SPRING winds hold the promise of magnificent days in Algiers. When they blow, they carry away the haze and stench of urban pollution, leaving behind a sight to see on the mountainsides: the uniform whiteness of the medina and the younger colonial French quarters, speckled in the wealthier reaches with the greens of pine, cedar, and eucalyptus, all tumbling into the azure blue the Mediterranean was meant to be. Such days have been a frequent blessing to the Algerian capital lately, but one cannot help noticing that they have not been enough to put smiles on the faces of people who fill the streets.

Prices are sky-high, "overcrowded" is insufficient to describe average living conditions, jobs are scarce. People are frustrated by their perception that a country with the natural wealth of Algeria cannot manage to live as contentedly as such poorer neighbors as Tunisia and Morocco. June legislative elections offer hope, but also give rise to worries over a possible Islamic fundamentalist victory, or Army intervention in the event of post-election chaos.

All that is enough to keep the hop from people's step. But now there is a new element in the national pessimism: the new world order as proposed by President Bush. Mostly it has the country's intellectuals and top officials worried, although even chatty cabbies and circumspect students bring it up.

To Algerians, Mr. Bush's "new world order" is simply a euphemism for "new world dictatorship:" in some cases benevolent, in other cases not, but dangerous because inevitably working in the interest of the world's remaining superpower. In a country where the United States-led war against Iraq was vehemently opposed, the new world order is considered a threat to developing nations that do not wish to abide meekly by American interests.

"We have many questions about this new world order," says a senior official here. "We see that when there is no one in a position to contradict the only superpower, it leads to dangerous situations." In this case, "dangerous situation" means the Gulf war. "Unfortunately," the official continues, "this 'new order' got under way with the destruction of two Arab countries."
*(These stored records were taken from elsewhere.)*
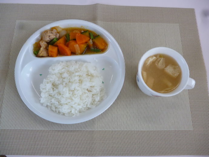 今日の給食は、「南瓜の鶏肉炒り煮」と「味噌汁」
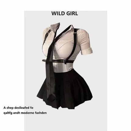 美式jk制服纯欲收腰显瘦短袖衬衫百褶短裙辣妹腰封马甲三件套装女
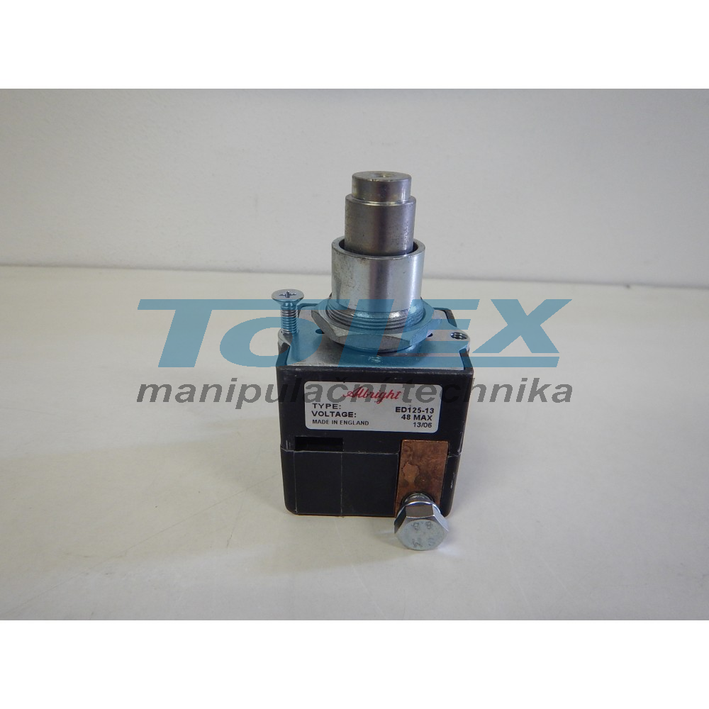 vysokonapěťový bezpečnostní spínač pro odpojení baterie, použití ve vozících Jungheinrich, typ ED125-13, max napětí 48V, max proud 125A, rozměry: celková výška při vytažení 100mm "ON", celková výška při zamáčknutí 94mm "OFF", šířka 43mm, délka 55mm, 2 x připojovací kontakt šroub M8
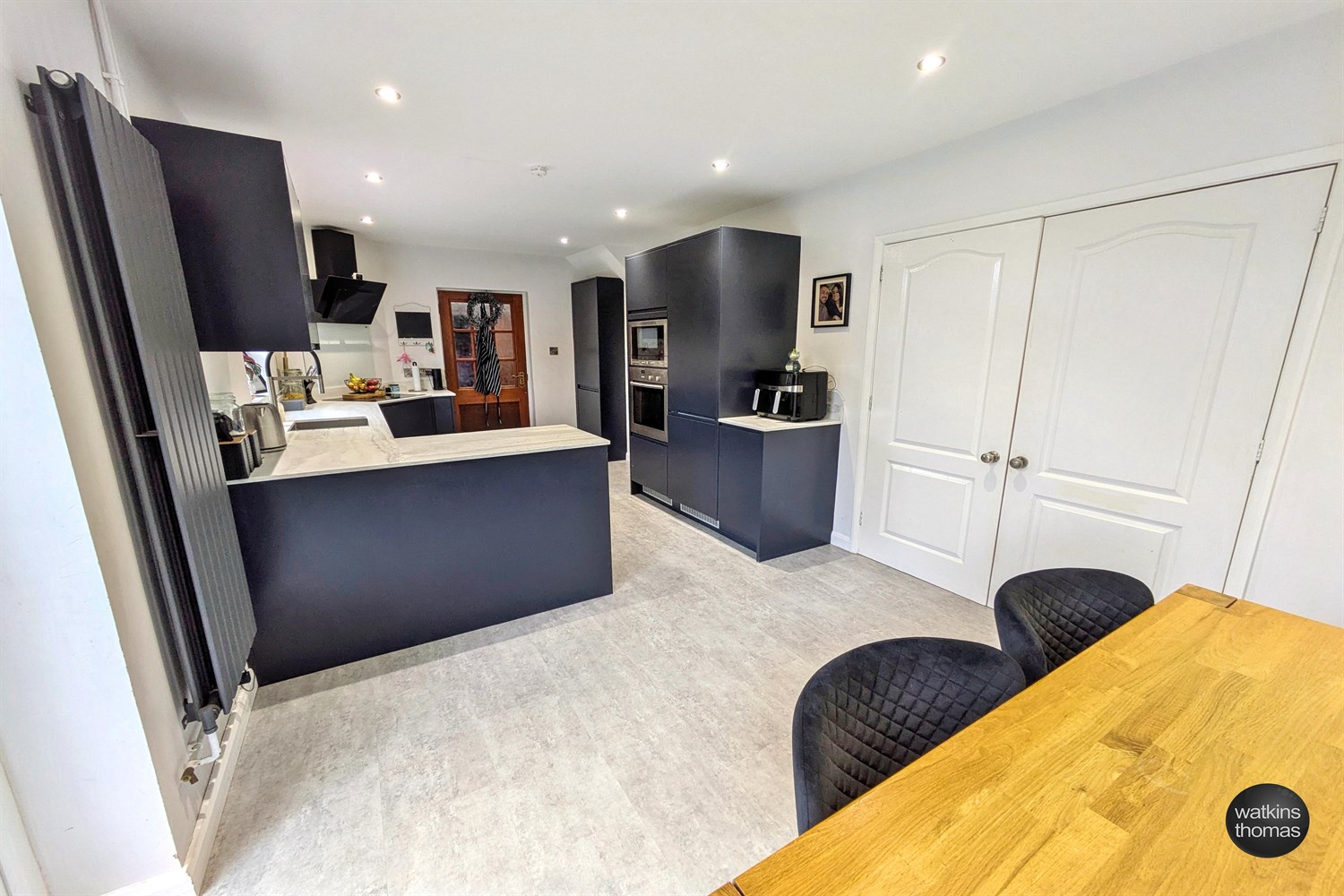 With rear aspect double glazed window. A range of units comprising sink drainer unit with Quartz work surface, base units under with matching wall units, integrated fridge freezer, integrated microwave and oven, electric hob with cooker hood over, cupboard housing the gas central heating boiler, inset spot lights, smoke alarm, side aspect glazed door to the side passageway and rear aspect double glazed French doors giving access to the rear garden.
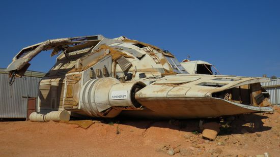 Unseren letzten Tag in Coober Pedy verbringen wir mit Wasser fassen (AUD 1 für 30l), rand-voll-tanken für AUD 1,43, denn weiter nördlich im Outback kann der Dieselpreis auch mal die AUD 2 Marke überschreiten und natürlich werden auch die Lebensmittelvorräte nochmal so weit aufgefüllt, so dass wir auch 10 Tage ohne Einkaufen auskommen können. Beim letzten Bummel durch den Ort entdecken wir auch noch das Spaceship, ein Relikt aus einer Filmkulisse
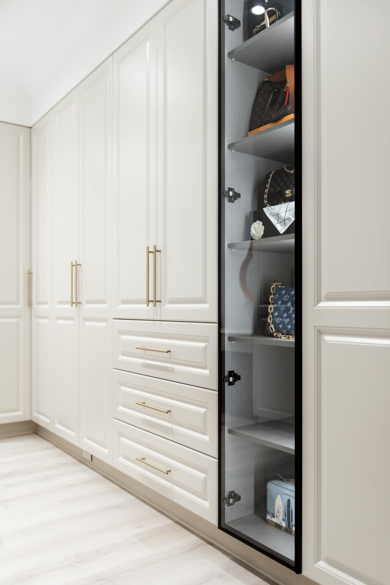玻璃门的包包柜和饰品柜展现了对细节的精致关照。透明的玻璃门不仅将包包和饰品呈现得清晰可见,还为空间增加了一份轻盈感。每一款包包和饰品都如艺术品般摆放其中,使整个空间呈现出一种高雅的品味。
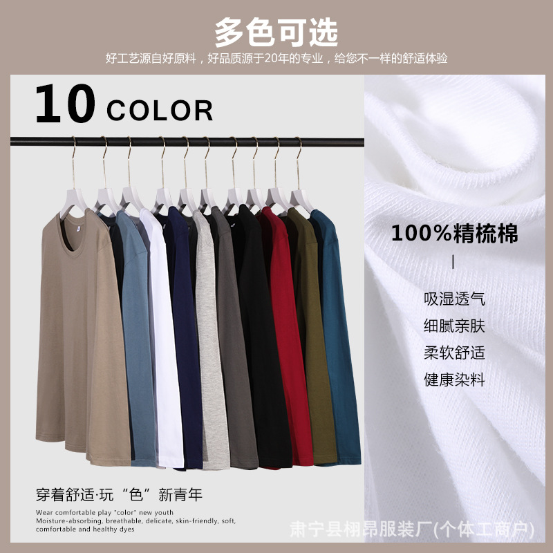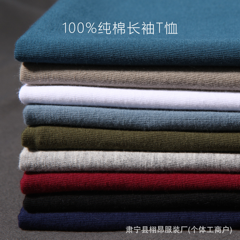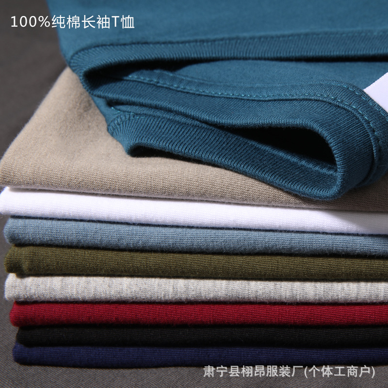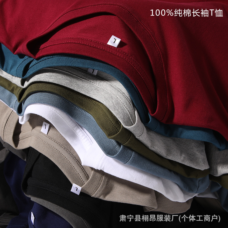 봄과 가을 180g 면 긴 소매 티셔츠 남성용 느슨한 크루 넥 단색 티셔츠 남성복 가을 옷 도매스토어 가기
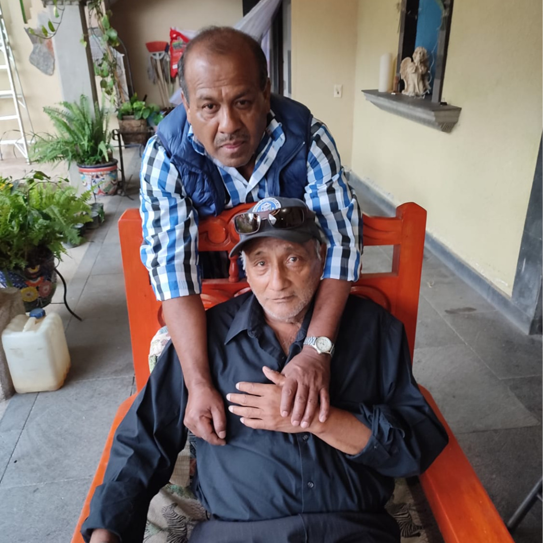 Cesar, Augusto y Sr. Adrián en el jardín de la casa
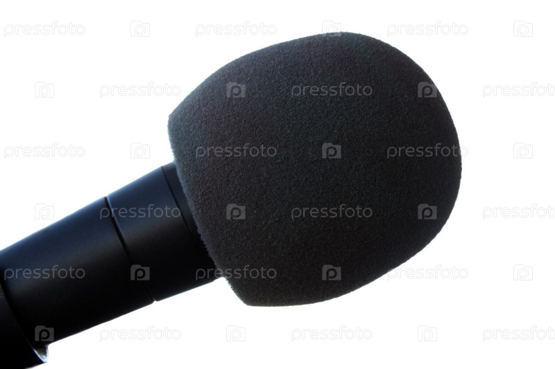 Студийное оборудование - черный микрофон, изолированный на белом

Algerian Foreign Minister Sid Ahmed Ghozali has made his country something of a spokesman for this point of view. He tells Arab and developing-nation leaders, the European press, and recently a group of European Parliament leaders gathered in Brussels, that the world's new "monopolarity" is in fact much more dangerous than the bipolarity of the cold-war period.

Yet Mr. Ghozali, whose country became a spokesman for the nonaligned movement in the 1970s, says Algeria's position is not nostalgia for the superpower standoff of the past.

"We don't regret or recommend a return to the past situation," says a senior official in the Foreign Ministry. "We do believe it is essential in international relations to have a counterweight."

That is why Ghozali has traveled to Europe, encouraging European Community leaders to hasten the development of a politically integrated Europe that can stand up to the US. It may also help explain why Algeria has snubbed French overtures since the Gulf war's end: Algerians deride France as a once-independent nation that obediently followed the US into battle.

"We think the US can play a positive role in this new order, if it is based on America's history of democracy and its values of human rights and the respect of law," the Foreign Ministry official says. "But we say an international order dominated by one power is dangerous, a threat to those who are weaker."

On the eve of Algeria's first pluralistic national elections since its 1962 independence, he adds, "It's like a country with no opposition. That is a situation we know something about."